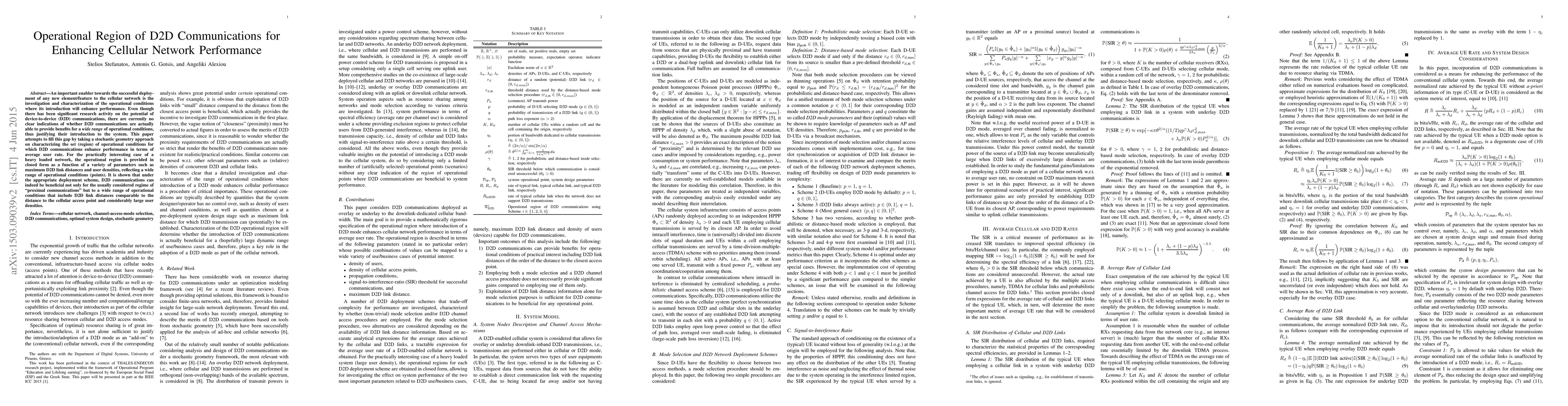 This paper investigates the operational conditions under which device-to-device (D2D) communications enhance cellular network performance, using a stochastic geometry approach. It finds that D2D communications can benefit a wide range of conditions, including large user densities and D2D link distances comparable to those to cellular access points.
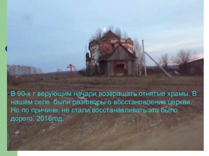 В 90-х г верующим начали возвращать отнятые храмы. В нашем селе были разговоры о восстановление церкви. Но по причине, не стали восстанавливать это было дорого. 2016год.
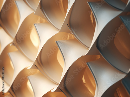 Rising paper structures form geometric shapes with light filtering gently through casting patterns
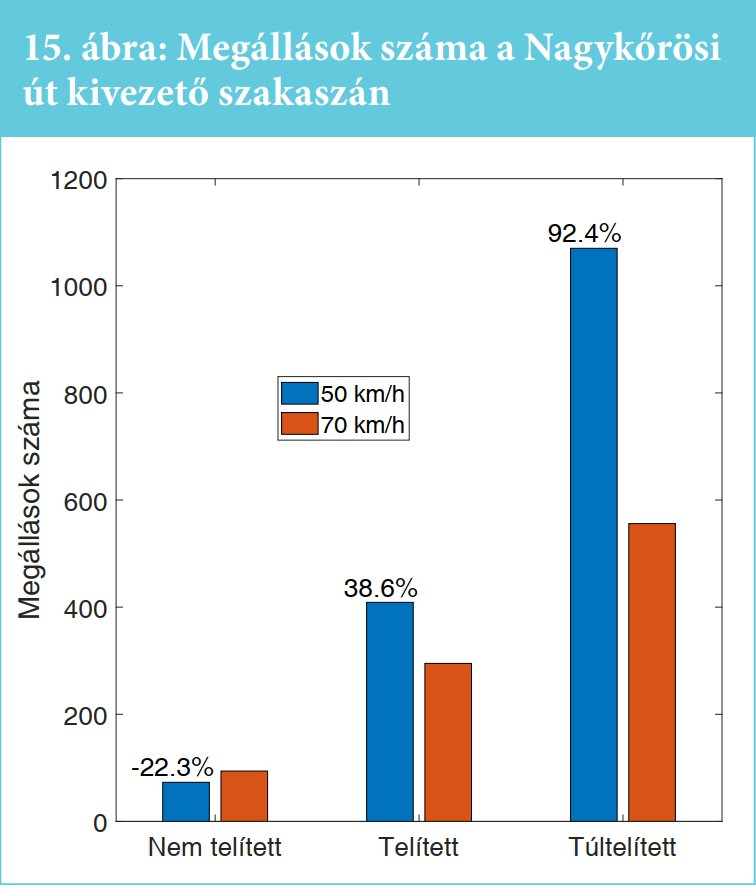 A piros lámpáknál való állandó megállás és az alapjárat miatt a pazarlás is jelentős, ezekből a megállásokból pedig az 50 km/h-ról 30-ra csökkentett sebesség esetén több adódik. Több megállás után felgyorsítani is többször kell (tételmondat!), ami nagyobb fogyasztást eredményez, mintha valamivel gyorsabban, de egyenletesebben haladna a jármű - a taxisok sem véletlenül tesznek kerülőutakat a zöldhullámok felé. Érdekesség, hogy a görbék optimuma (károsanyag, motortípus stb. függvényében) 40-70 km/h között van, efölött a légellenállás legyőzése miatt ismét nő a fogyasztás, tehát a magasabb sebességkorlátok csökkentése valóban fogyasztáscsökkentő hatással bír.
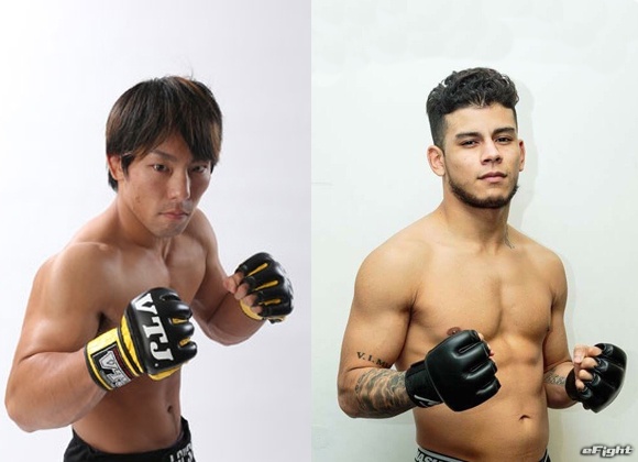 修斗フライ級8位の猿田(左)が英国人ファイターのゴンザレス(右)との初の国際戦
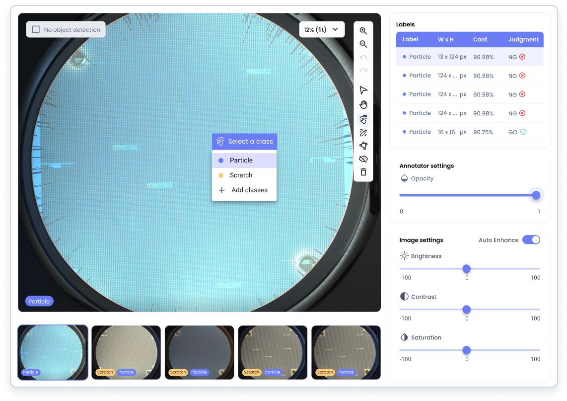 Set thresholds to catch only the defects you care most about. Let the judgment team focus on throughput and yield improvement while we handle defect judgment, removing subjectivity and ensuring objectivity.
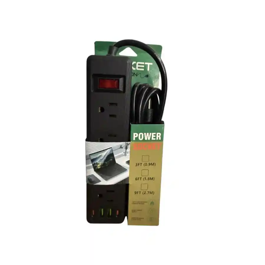 Regleta Eléctrica Multitoma 8AC/2USB/2C Color Negra - Color Negra - 8 tomas AC - 2 puertos USB - 1 puerto Tipo C - Interruptor de encendido - Material resistente - Cable de conexión incluido - Uso doméstico y oficina
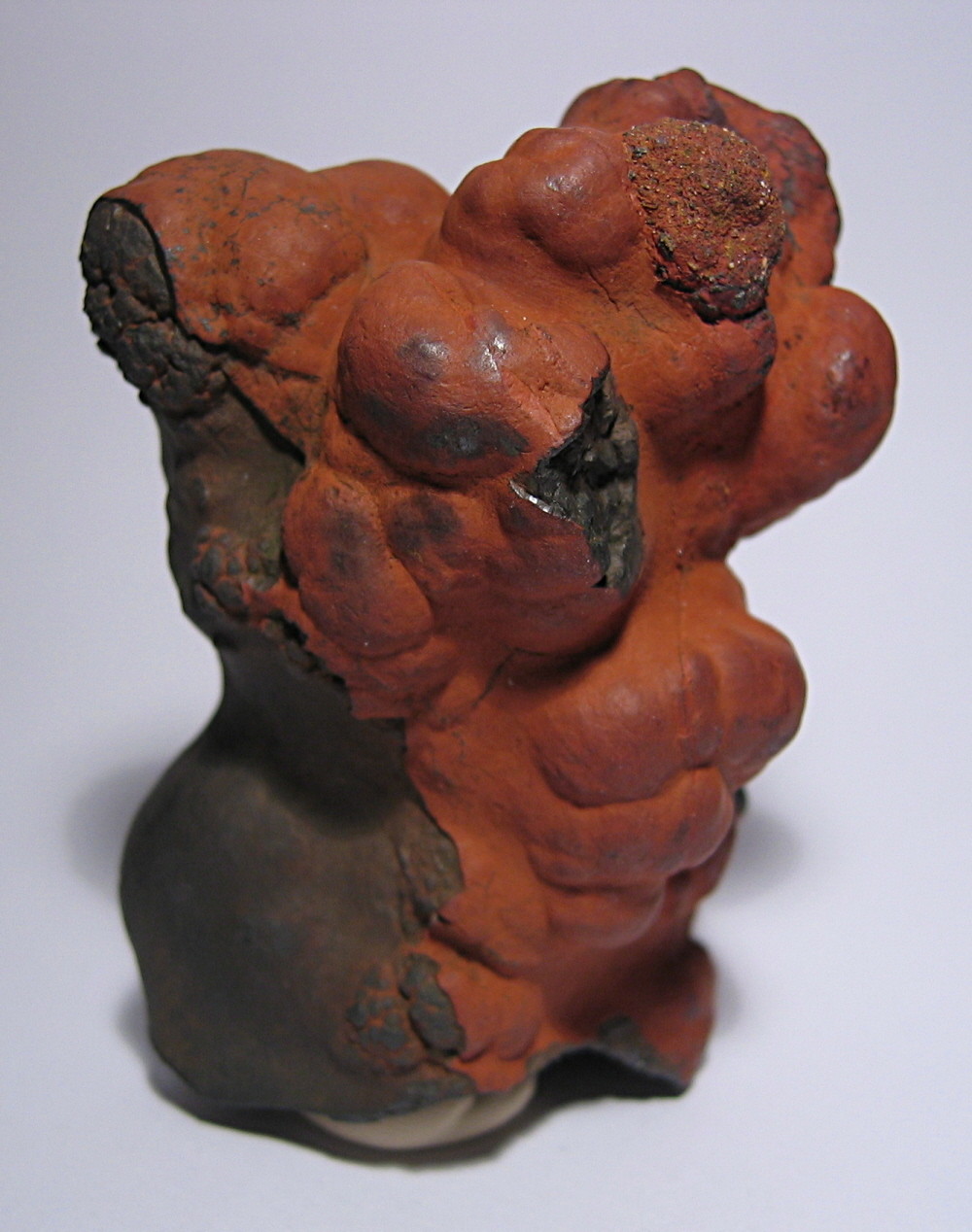 Das geht nicht mit chemischen Mitteln sauber, wenn es wirklich Hämatit ist. Allenfalls, falls die Kruste wirklich dünn ist, ganz vorsichtig mit einer feinen Nadel den Belag zum Abplatzen bringen. Sieht aber meist hinterher schlechter aus.
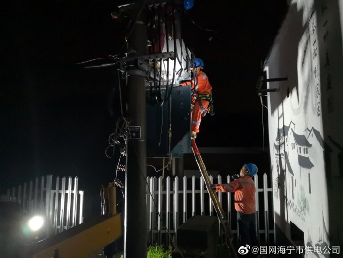 6月27日深夜10點(diǎn)多,在海寧市鹽官鎮(zhèn)萬(wàn)壽村陳家木橋,3盞應(yīng)急燈光束的匯聚下,國(guó)網(wǎng)海寧市供電公司鹽官供電所的搶修隊(duì)員還在緊張地進(jìn)行變壓器固定和接線(xiàn)工作。夜深了,本來(lái)里三層外三層前來(lái)督戰(zhàn)的村民在得到“今夜可以通上電”的滿(mǎn)意答復(fù)后已陸續(xù)散去。
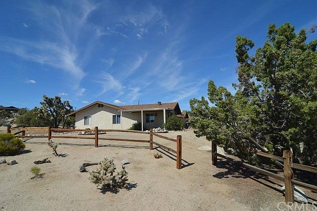 WESTERN HILLS ESTATES - This 3 bedroom, 2 full bath home is perfectly nestled amid large, mature junipers and giant boulders, live in complete seclusion and privacy with a lovely view out every window, while only 5 minutes away from shops and grocery stores. If you want to feel "away from it all" yet still live on paved roads and close to the amenities of town, this is the house for you. You definitely don't have the cramped feel of a subdivision when are this close to nature with all kinds of wildlife and bird watching literally out your window and the Joshua Tree National Park an easy 20 minutes away, or ... you can head out and hike in the boulders without ever getting into your car! The lot to the west of this home is also available. The "bonus room" is a great playroom for kids, Monday Night Football, craft room, collections, etc. It's a sunny and fun place to hang out and cozy in the winter with the wood-burning stove blazing. RV Access with RV Dump on property. This home can also be purchased with the lot next door (MLS OC15249769) to allow you to build dream or keep the space open.
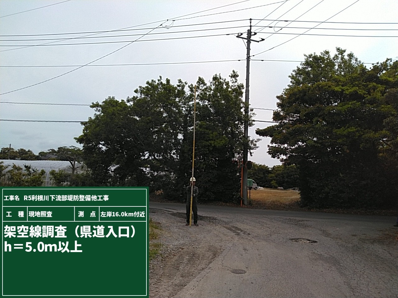 現況の確認、除草作業、大きな車両や重機が通るので電線に引っかからない様にするための架空調査などなど、やることは沢山あります。
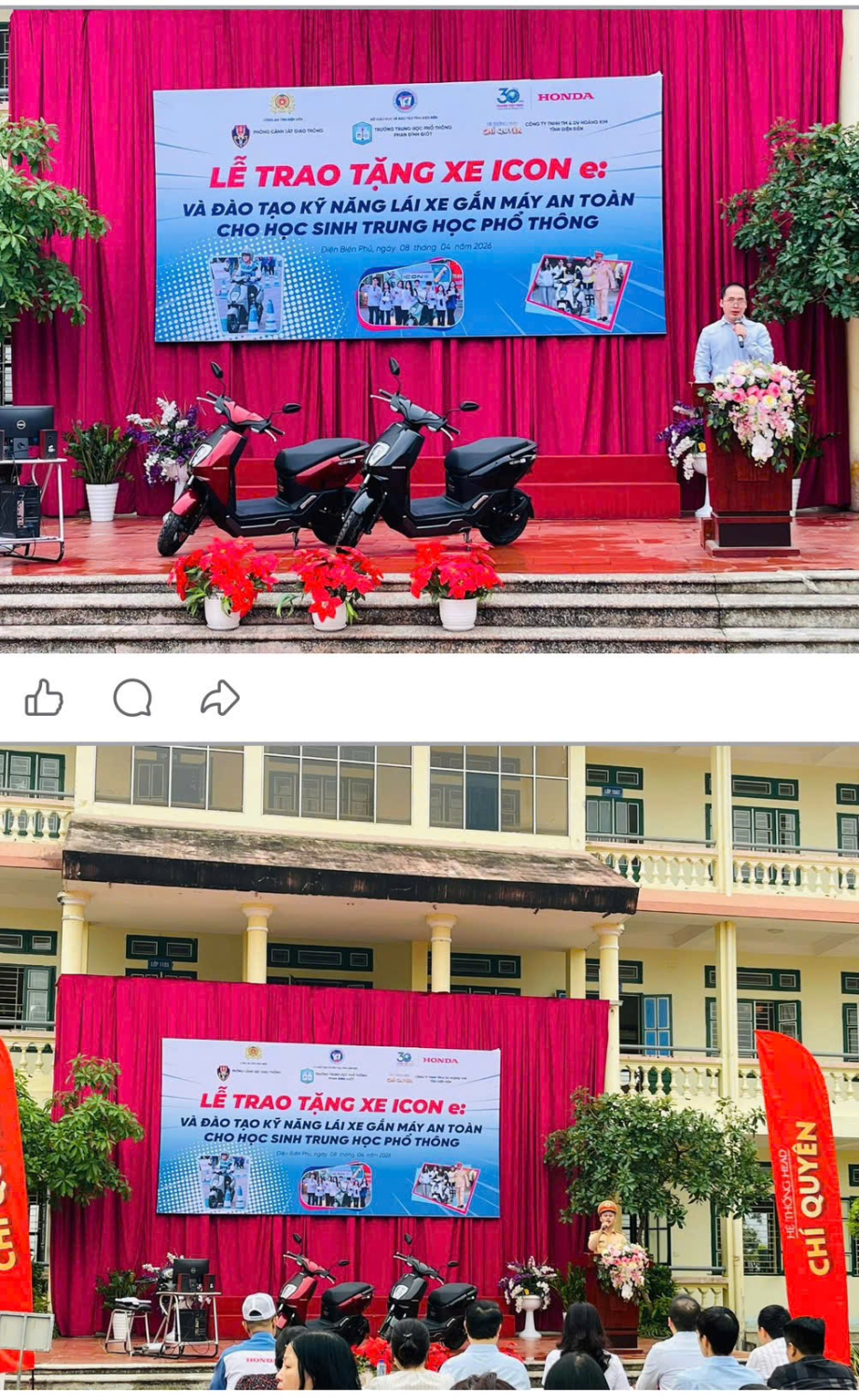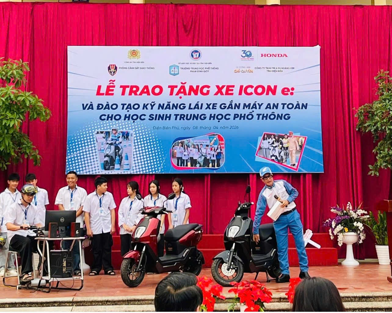 Sáng 08/4/2026, Trường THPT Phan Đình Giót phối hợp với Phòng CSGT Công an tỉnh Điện Biên và HEAD Chí Quyên tổ chức chương trình trao tặng xe máy điện ICON e ⚡ và tuyên truyền, hướng dẫn kỹ năng lái xe an toàn cho học sinh.
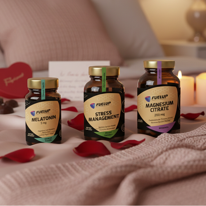 Fuel-Up Mood & Sleep to zestaw trzech synergicznie działających suplementów: melatoniny, magnezu cytrynianu i kompleksu adaptogenów na stres. Pomagają one redukować napięcie, ułatwiają zasypianie i wspierają głęboki, regenerujący sen – bez uczucia „zamulenia” następnego dnia.

WORK TO COMPLETE — In your copy of the listing above, reproduce each line exactly and omit all pictures.

EXERCISE ANSWER —
 This paper investigates the operational conditions under which device-to-device (D2D) communications enhance cellular network performance, using a stochastic geometry approach. It finds that D2D communications can benefit a wide range of conditions, including large user densities and D2D link distances comparable to those to cellular access points.
 В 90-х г верующим начали возвращать отнятые храмы. В нашем селе были разговоры о восстановление церкви. Но по причине, не стали восстанавливать это было дорого. 2016год.
 Rising paper structures form geometric shapes with light filtering gently through casting patterns
 A piros lámpáknál való állandó megállás és az alapjárat miatt a pazarlás is jelentős, ezekből a megállásokból pedig az 50 km/h-ról 30-ra csökkentett sebesség esetén több adódik. Több megállás után felgyorsítani is többször kell (tételmondat!), ami nagyobb fogyasztást eredményez, mintha valamivel gyorsabban, de egyenletesebben haladna a jármű - a taxisok sem véletlenül tesznek kerülőutakat a zöldhullámok felé. Érdekesség, hogy a görbék optimuma (károsanyag, motortípus stb. függvényében) 40-70 km/h között van, efölött a légellenállás legyőzése miatt ismét nő a fogyasztás, tehát a magasabb sebességkorlátok csökkentése valóban fogyasztáscsökkentő hatással bír.
 修斗フライ級8位の猿田(左)が英国人ファイターのゴンザレス(右)との初の国際戦
 Set thresholds to catch only the defects you care most about. Let the judgment team focus on throughput and yield improvement while we handle defect judgment, removing subjectivity and ensuring objectivity.
 Regleta Eléctrica Multitoma 8AC/2USB/2C Color Negra - Color Negra - 8 tomas AC - 2 puertos USB - 1 puerto Tipo C - Interruptor de encendido - Material resistente - Cable de conexión incluido - Uso doméstico y oficina
 Das geht nicht mit chemischen Mitteln sauber, wenn es wirklich Hämatit ist. Allenfalls, falls die Kruste wirklich dünn ist, ganz vorsichtig mit einer feinen Nadel den Belag zum Abplatzen bringen. Sieht aber meist hinterher schlechter aus.
 6月27日深夜10點(diǎn)多,在海寧市鹽官鎮(zhèn)萬(wàn)壽村陳家木橋,3盞應(yīng)急燈光束的匯聚下,國(guó)網(wǎng)海寧市供電公司鹽官供電所的搶修隊(duì)員還在緊張地進(jìn)行變壓器固定和接線(xiàn)工作。夜深了,本來(lái)里三層外三層前來(lái)督戰(zhàn)的村民在得到“今夜可以通上電”的滿(mǎn)意答復(fù)后已陸續(xù)散去。
 WESTERN HILLS ESTATES - This 3 bedroom, 2 full bath home is perfectly nestled amid large, mature junipers and giant boulders, live in complete seclusion and privacy with a lovely view out every window, while only 5 minutes away from shops and grocery stores. If you want to feel "away from it all" yet still live on paved roads and close to the amenities of town, this is the house for you. You definitely don't have the cramped feel of a subdivision when are this close to nature with all kinds of wildlife and bird watching literally out your window and the Joshua Tree National Park an easy 20 minutes away, or ... you can head out and hike in the boulders without ever getting into your car! The lot to the west of this home is also available. The "bonus room" is a great playroom for kids, Monday Night Football, craft room, collections, etc. It's a sunny and fun place to hang out and cozy in the winter with the wood-burning stove blazing. RV Access with RV Dump on property. This home can also be purchased with the lot next door (MLS OC15249769) to allow you to build dream or keep the space open.
 現況の確認、除草作業、大きな車両や重機が通るので電線に引っかからない様にするための架空調査などなど、やることは沢山あります。
 Sáng 08/4/2026, Trường THPT Phan Đình Giót phối hợp với Phòng CSGT Công an tỉnh Điện Biên và HEAD Chí Quyên tổ chức chương trình trao tặng xe máy điện ICON e ⚡ và tuyên truyền, hướng dẫn kỹ năng lái xe an toàn cho học sinh.
 Fuel-Up Mood & Sleep to zestaw trzech synergicznie działających suplementów: melatoniny, magnezu cytrynianu i kompleksu adaptogenów na stres. Pomagają one redukować napięcie, ułatwiają zasypianie i wspierają głęboki, regenerujący sen – bez uczucia „zamulenia” następnego dnia.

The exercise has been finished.